## DESCRIPTION OF THE TASK:
Only lines holding the word "Кеннеди" are needed; copy each of them from the material.

## AVAILABLE DATA:
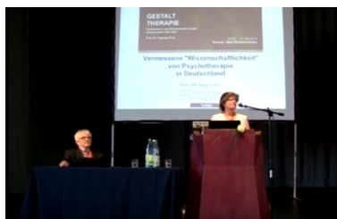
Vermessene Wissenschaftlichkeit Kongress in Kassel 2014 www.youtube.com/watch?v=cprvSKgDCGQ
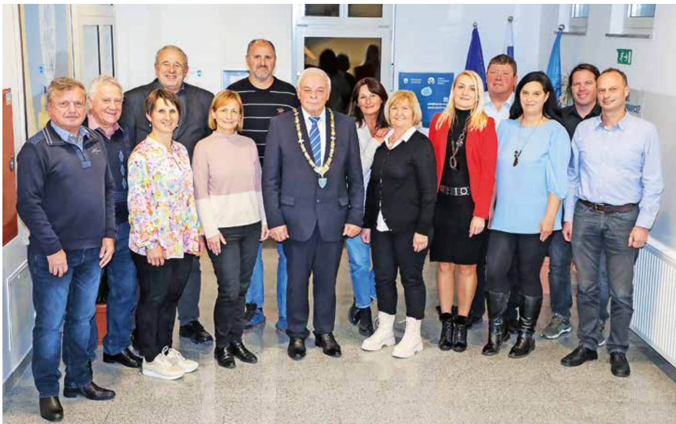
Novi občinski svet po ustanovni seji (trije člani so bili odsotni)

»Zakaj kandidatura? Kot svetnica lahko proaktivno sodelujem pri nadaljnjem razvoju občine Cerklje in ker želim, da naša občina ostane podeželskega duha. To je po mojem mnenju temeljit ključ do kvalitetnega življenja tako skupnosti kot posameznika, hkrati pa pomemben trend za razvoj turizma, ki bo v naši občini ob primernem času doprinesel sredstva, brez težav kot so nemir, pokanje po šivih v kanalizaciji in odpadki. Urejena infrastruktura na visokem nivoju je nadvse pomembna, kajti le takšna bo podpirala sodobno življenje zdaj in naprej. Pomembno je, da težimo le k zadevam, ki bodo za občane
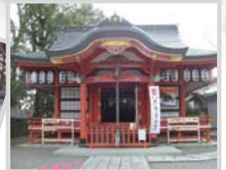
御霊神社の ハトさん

==

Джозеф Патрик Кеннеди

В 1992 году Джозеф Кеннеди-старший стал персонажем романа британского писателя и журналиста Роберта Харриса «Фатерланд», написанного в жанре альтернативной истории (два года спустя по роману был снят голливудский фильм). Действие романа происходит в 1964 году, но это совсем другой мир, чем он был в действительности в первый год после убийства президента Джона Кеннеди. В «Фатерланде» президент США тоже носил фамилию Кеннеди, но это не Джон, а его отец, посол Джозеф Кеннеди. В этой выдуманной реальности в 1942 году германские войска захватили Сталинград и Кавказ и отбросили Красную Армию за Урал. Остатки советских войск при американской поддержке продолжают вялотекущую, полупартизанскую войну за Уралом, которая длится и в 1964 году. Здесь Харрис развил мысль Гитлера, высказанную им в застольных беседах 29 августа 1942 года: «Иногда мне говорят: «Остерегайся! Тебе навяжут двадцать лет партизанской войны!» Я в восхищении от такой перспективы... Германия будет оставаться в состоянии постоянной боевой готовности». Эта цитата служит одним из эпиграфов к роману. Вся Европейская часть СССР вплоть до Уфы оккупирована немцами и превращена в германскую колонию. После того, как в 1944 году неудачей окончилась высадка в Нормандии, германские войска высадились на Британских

## COMPLETED TASK:
Джозеф Патрик Кеннеди
В 1992 году Джозеф Кеннеди-старший стал персонажем романа британского писателя и журналиста Роберта Харриса «Фатерланд», написанного в жанре альтернативной истории (два года спустя по роману был снят голливудский фильм). Действие романа происходит в 1964 году, но это совсем другой мир, чем он был в действительности в первый год после убийства президента Джона Кеннеди. В «Фатерланде» президент США тоже носил фамилию Кеннеди, но это не Джон, а его отец, посол Джозеф Кеннеди. В этой выдуманной реальности в 1942 году германские войска захватили Сталинград и Кавказ и отбросили Красную Армию за Урал. Остатки советских войск при американской поддержке продолжают вялотекущую, полупартизанскую войну за Уралом, которая длится и в 1964 году. Здесь Харрис развил мысль Гитлера, высказанную им в застольных беседах 29 августа 1942 года: «Иногда мне говорят: «Остерегайся! Тебе навяжут двадцать лет партизанской войны!» Я в восхищении от такой перспективы... Германия будет оставаться в состоянии постоянной боевой готовности». Эта цитата служит одним из эпиграфов к роману. Вся Европейская часть СССР вплоть до Уфы оккупирована немцами и превращена в германскую колонию. После того, как в 1944 году неудачей окончилась высадка в Нормандии, германские войска высадились на Британских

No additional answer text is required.